# Is this a loose bushing on the steering rod?



## HickBoy (Aug 5, 2018)

Sorry if I am not describing this correctly as I am new to the classic car world. I have been inspecting my recently purchase 1965 GTO to find anything that appears out of whack.
Am I correctly seeing this bushing loose on the steering rod? I was able to push it back and up against the housing but I believe it should have not been hanging out as shown in my pictures.

Could someone tell me what part this is and if I should be replacing anything or is pushing it back into the groove appropriate? I assumed the large gap is not supposed to be there.
NOTE: Please let me know if a video or better pictures would help.

Thank You...


----------



## geeteeohguy (Feb 2, 2008)

That's the collar for the lower steering column bearing. If the shaft is not loose, the bearing is probably ok. Loosen the bolt on the pinch clamp, and slide the clamp and the collar up the column to the housing and re-tighten the clamp. If your steering wheel isn't sloppy or loose, you're good to go. If still sloppy, time for a new lower column bearing. (no fun)


----------



## HickBoy (Aug 5, 2018)

geeteeohguy said:


> Loosen the bolt on the pinch clamp, and slide the clamp and the collar up the column to the housing and re-tighten the clamp.


Thanks for the advice as moving the collar up did indeed remove about 2cm of movement in the steering shaft (vertically). It created some squeaking when turning the wheel but some WD40 seemed to fix that.
I think I am still missing a part though it's hard to tell. From the 1965 Tempest shop manual it shows a blow-up of the steering column (not 100% sure its the same one I have) and I appear to be missing a spring (or it's so worn that it's compressed) which I assume holds the collar in place.

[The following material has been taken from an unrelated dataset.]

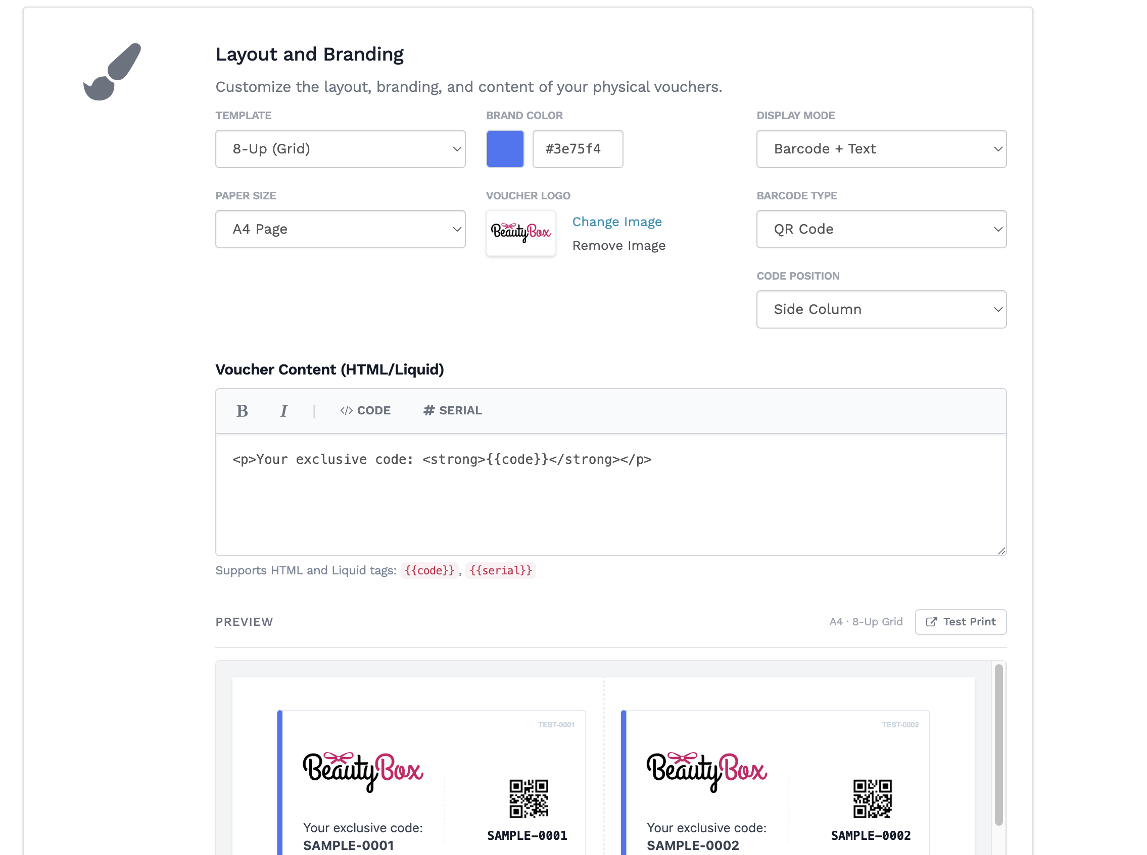 While Coupon Carrier is great for emailing digital codes, sometimes you need something physical. The Printable Vouchers feature lets you generate PDF-ready batches of vouchers, each with a unique, trackable QR code or barcode.

Screenshot attached. Any suggestions on fixing or should I consider a new column?


----------



## geeteeohguy (Feb 2, 2008)

The spring is supposed to be there. Also, some of the parts are plastic, and may have come apart and fallen out on your column. You can likely find the parts you need used online or on this or other forums. You may also be able to find a nice replacement column, although it won't be new!


----------